Daniel Mendelsohn ends his pretty excellent review of Jonathan Franzen’s memoir, The Discomfort Zone, by turning a critical eye to Franzen’s essay on Peanuts that ran a few years ago in the New Yorker:
Ah well. What can you do with someone who professes to love “Peanuts” but doesn’t understand a word of it? “The Discomfort Zone” features an odd but suggestive paean to the creator of the comic strip that, more than anything else in American popular culture for many decades, celebrated the comic side of something Franzen professes to know a lot about: discomfort — the sheer, poignant, foolish awkwardness that comes with being human. Recounting the unappealing facts of Schulz’s biography, Franzen emphasizes that the cartoonist was a difficult, embittered, resentful man — the kind of person who still seethed over perceived insults he’d received four decades before. Yet the author is quick to defend Schulz — the, um, artistically brilliant, tormented, somewhat geeky Midwestern offspring of Scandinavian parents — as a hero of Art. “To keep choosing art over the comforts of normal life … is the opposite of damaged.”
Franzen’s insistence on seeing this repugnant person as an ideal is, no doubt, what leads him to his wrongheaded interpretation of the comic strip itself. “Almost every young person experiences sorrows,” he rightly points out at the beginning of his exegesis of “Peanuts” — a sentence that gives you hope that the geeky child still hiding inside the adult Franzen is going to admit that, like everyone else, he loved “Peanuts” because he, too, identified with the perpetual awkward, perpetually failed, and yet just as perpetually optimistic Charlie Brown. But no: for Franzen, who, even as a child, “personally enjoyed winning and couldn’t see why so much fuss was made about the losers” the real hero of “Peanuts” is not the “depressive and failure-ridden” Charlie Brown, but the grandiose beagle, Snoopy: “the protean trickster,” as Franzen calls him, “the quick-change artist who … before his virtuosity has a chance to alienate you or diminish you” can be “the eager little dog who just wants dinner.” But Snoopy’s self-proclaimed virtuosity does, in the end, alienate and diminish: he’s amusing, with his epic grudge against the Red Baron (and the Van Gogh and the spiral staircase he lost when his doghouse burned down), precisely because he represents the part of ourselves — the smugness, the avidity, the pomposity, the rank egotism — most of us know we have but try to keep decently hidden away.
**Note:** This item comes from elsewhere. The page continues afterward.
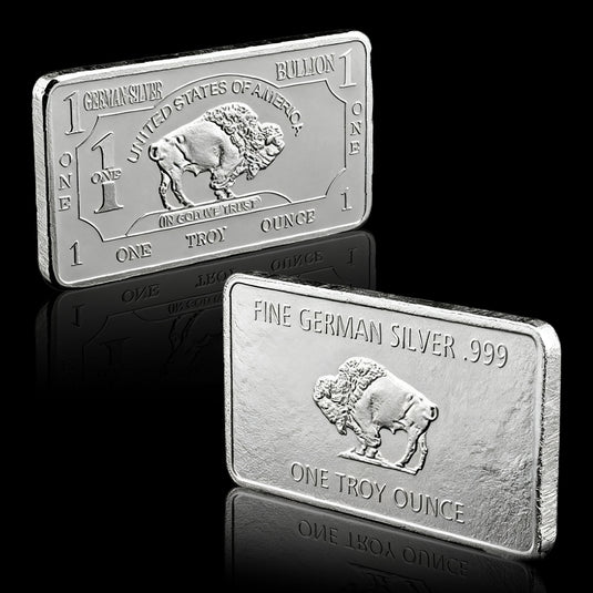 With roots in age-old metallurgical expertise, German silver forging here is celebrated for toughness, corrosion resistance, and artistry. This 1 troy ounce silver bar showcases hallmark precision: from the crisply engraved buffalo design (embodying American West heritage) to the ".999 FINE GERMAN SILVER" marking that guarantees premium quality. Whether you’re a seasoned collector or new to precious metals, owning a piece of this German silver craftsmanship feels like holding a slice of legacy—where durability, history, and value come together.
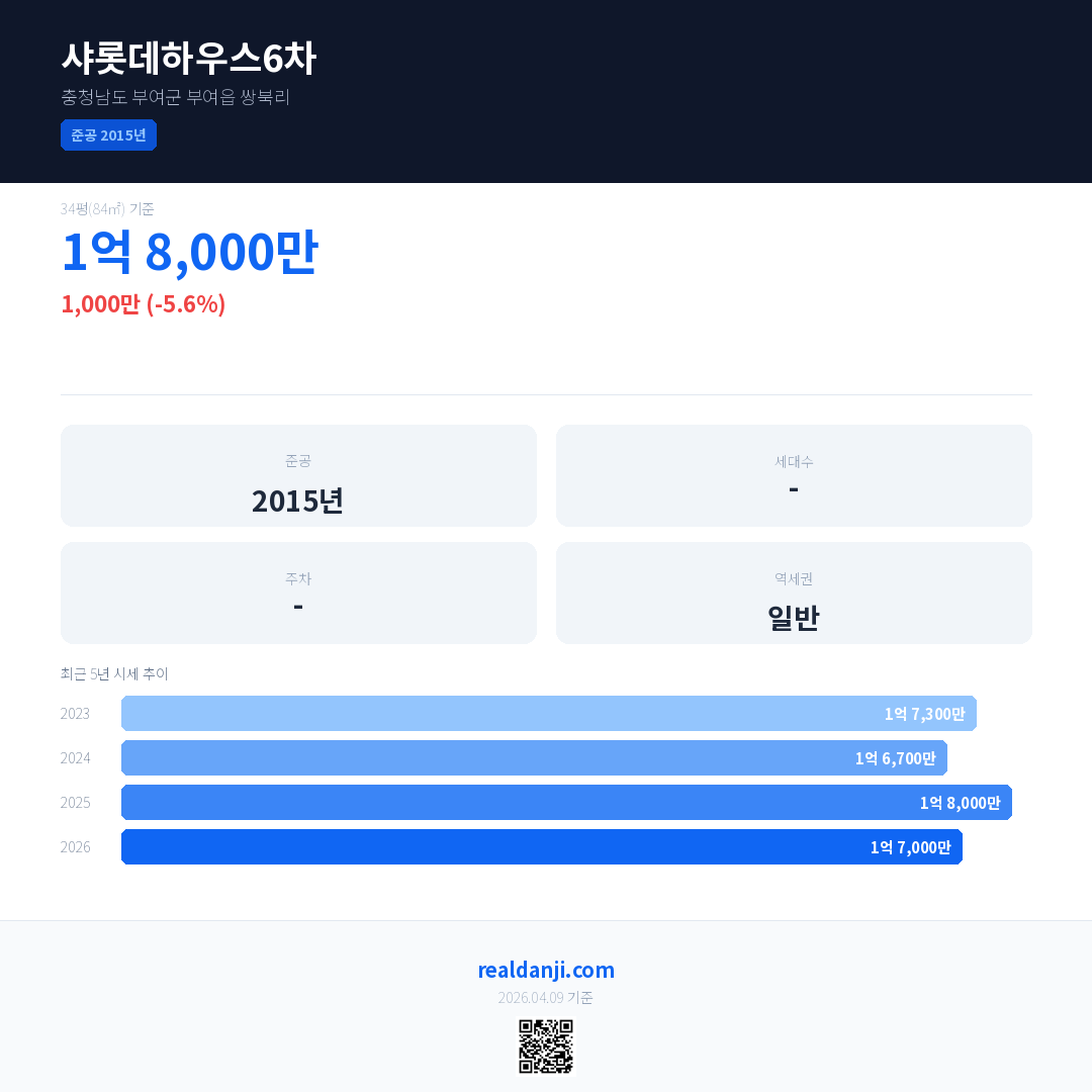 샤롯데하우스6차 국민평형 기준 2026년 평균 거래가는 1억 7,000만으로, 전년 대비 5.6% 하락 했습니다.

Franzen, like most of us, is very likely an awkward combination of Charlie and Snoopy; the difference being that whereas most of us think of ourselves as Charlie with a bit of Snoopy, Franzen clearly doesn’t mind coming off as a whole lotta Snoopy with the barest soupçon of Charlie: a person, as this lazy and perverse book demonstrates, whose very admissions of weakness, of insufficiency, smack of showboating, of grandiose self-congratulation. For my part, I’ll stick with Charlie. Who, after all, wants the company of a character so self-involved he doesn’t even realize he’s not human?
Personally, I like to think of myself as Schroeder.